Written by Jason Hovett and Alan Sharlish

WARSAW/PRAGUE (Reuters) – Central European currencies are expected to weaken over the next 12 months, with higher inflation compared to the euro zone and the prospect of lower interest rates, a Reuters poll showed.

The region’s currencies made a strong start to the year, supported by higher interest rates and lower energy prices that put pressure on trade balances.

But with Hungary’s central bank already beginning to ease policy and more interest rate cuts expected in the region this year, analysts expect currencies to drop.

In Poland, where markets believe the cost of credit will decline in the fourth quarter, the zloty is expected to decline by 2.7% compared to Tuesday’s closing of 4.55 per euro.

Marcin Sulewski, an economist at Ippima Securities, said: “I think the market may underestimate the length of the economic slowdown that Central and Eastern European economies will suffer, and we will probably talk about interest rate cuts, so amid high inflation this will affect the currencies of Central and Eastern Europe.” “. .

The National Bank of Hungary (NBH) has already cut its key one-day deposit rate by a total of 200 basis points to 16% to ease the burden on the sluggish economy.

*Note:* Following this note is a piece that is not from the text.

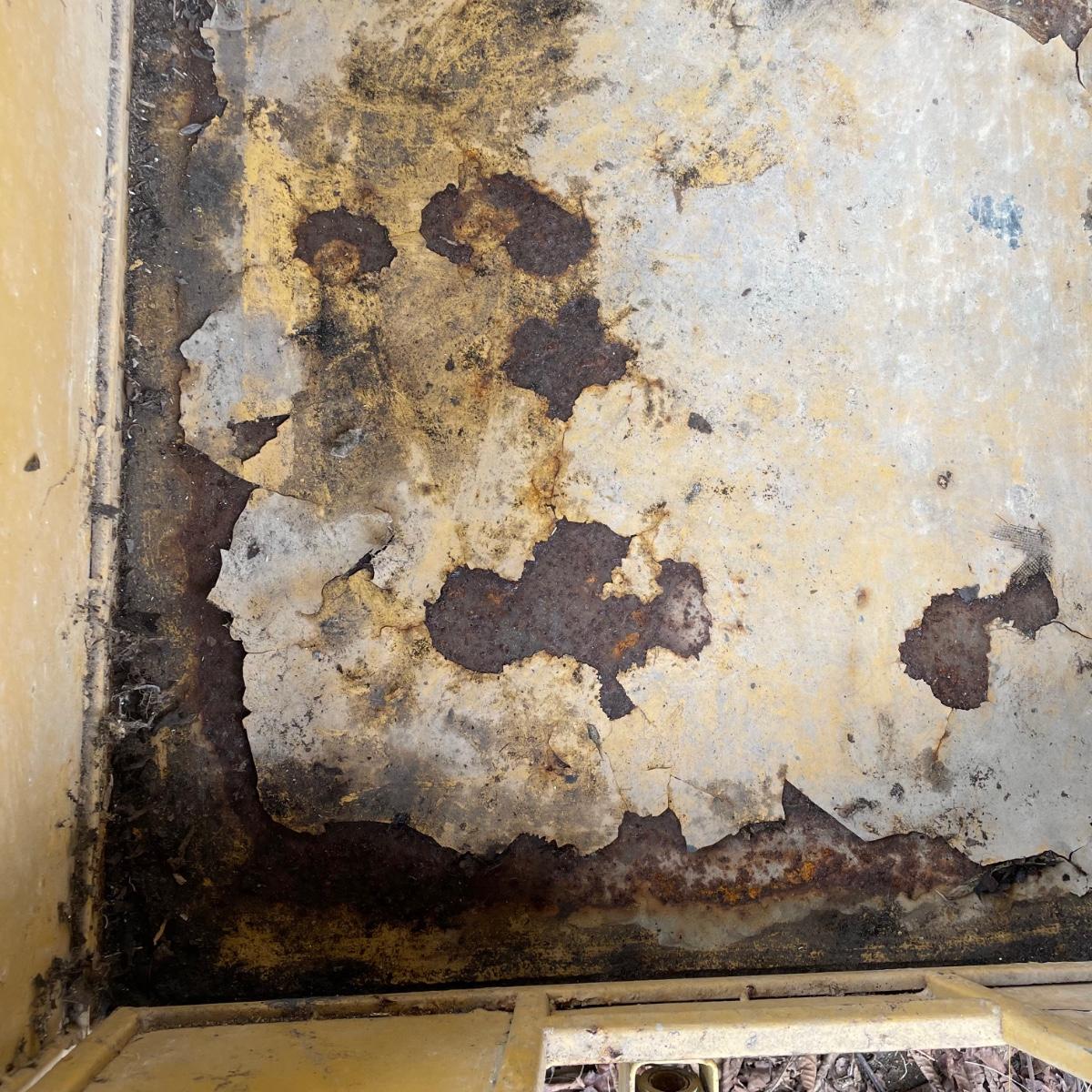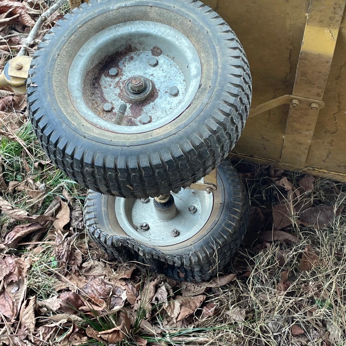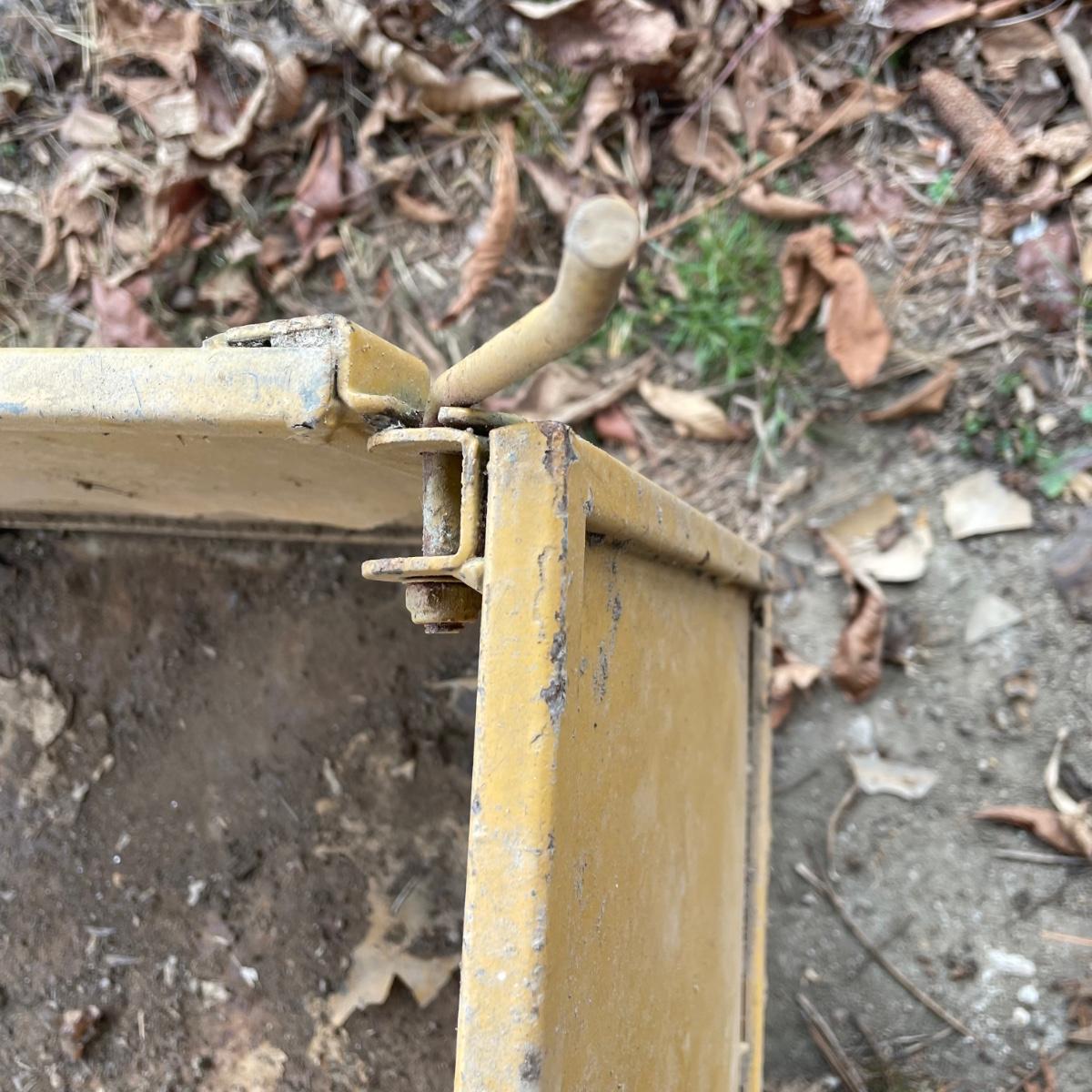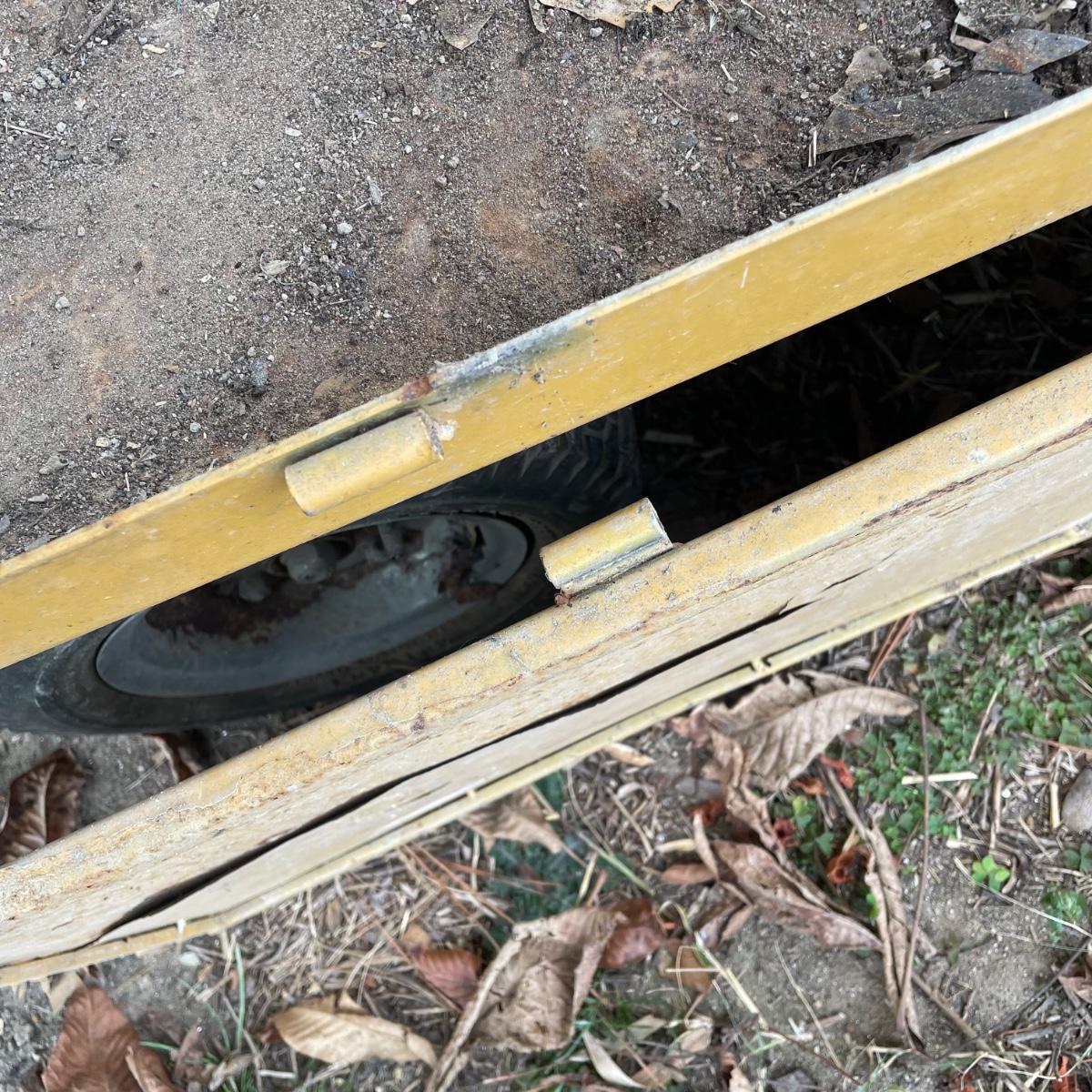 This lightweight metal wagon’s front wheels swivel and all sides collapse down for a flat bed trailer. Most of the rust is surface rust where the paint has peeled, with just a few deeper areas of rust. At least one tire needs replacing.

Inflation, still the highest in the European Union, has begun to ease.

“Forint has the potential to weaken if we see stronger-than-expected inflation, which could raise bets on stronger NBH facilities,” said Peter Veroufacz, economist at ING.

It is expected to drop 1.3% to 380.0 per euro, according to the survey. The euro, which is heavily controlled by the central bank, is expected to decline 1.0% to 5.0 against the euro.

“In Romania, the new government has decided to deploy a new tool to reduce the significant price pressures that remain associated with expensive food,” said Jakob Kratky, an analyst at General Investments.

“Although consumer prices in Romania are highly sensitive to the exchange rate, they may soon allow the central bank to allow the leu to depreciate slightly.”

Lesser currencies in the region are expected to weaken, dropping 0.1% to 23.775.